### RECORDS FOR PROCESSING

####################

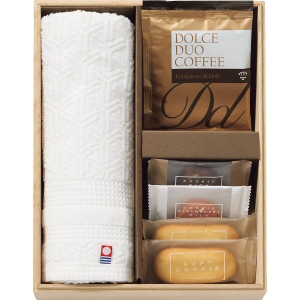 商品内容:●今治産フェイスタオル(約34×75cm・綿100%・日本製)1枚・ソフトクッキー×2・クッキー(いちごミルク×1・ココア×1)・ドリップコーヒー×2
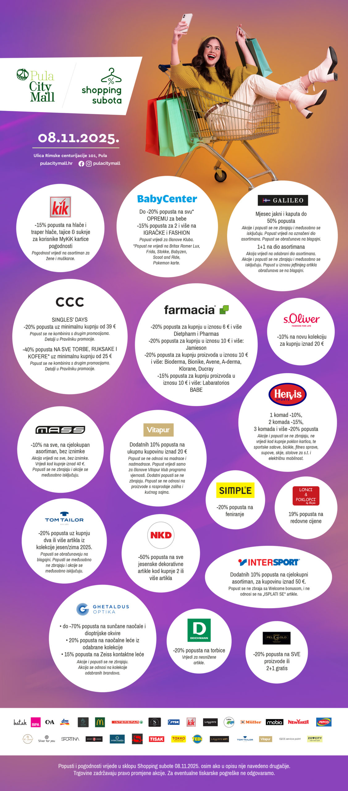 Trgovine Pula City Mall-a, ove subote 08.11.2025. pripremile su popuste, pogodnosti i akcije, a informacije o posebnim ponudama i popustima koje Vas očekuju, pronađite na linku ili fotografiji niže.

####################

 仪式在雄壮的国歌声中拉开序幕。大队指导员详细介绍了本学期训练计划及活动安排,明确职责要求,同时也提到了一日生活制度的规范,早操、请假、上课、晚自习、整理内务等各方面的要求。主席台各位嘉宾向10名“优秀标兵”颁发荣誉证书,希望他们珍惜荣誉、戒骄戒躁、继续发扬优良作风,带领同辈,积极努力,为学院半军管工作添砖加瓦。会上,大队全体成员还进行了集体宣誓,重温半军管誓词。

####################

### WHAT TO PRODUCE
Pictures do not belong in the answer. Return the lines above starting at the one with "商品内容:●今治産フェイスタ" and ending at the one with "Trgovine Pula City", both kept, exactly.

### ANSWER SECTION
 商品内容:●今治産フェイスタオル(約34×75cm・綿100%・日本製)1枚・ソフトクッキー×2・クッキー(いちごミルク×1・ココア×1)・ドリップコーヒー×2
 Trgovine Pula City Mall-a, ove subote 08.11.2025. pripremile su popuste, pogodnosti i akcije, a informacije o posebnim ponudama i popustima koje Vas očekuju, pronađite na linku ili fotografiji niže.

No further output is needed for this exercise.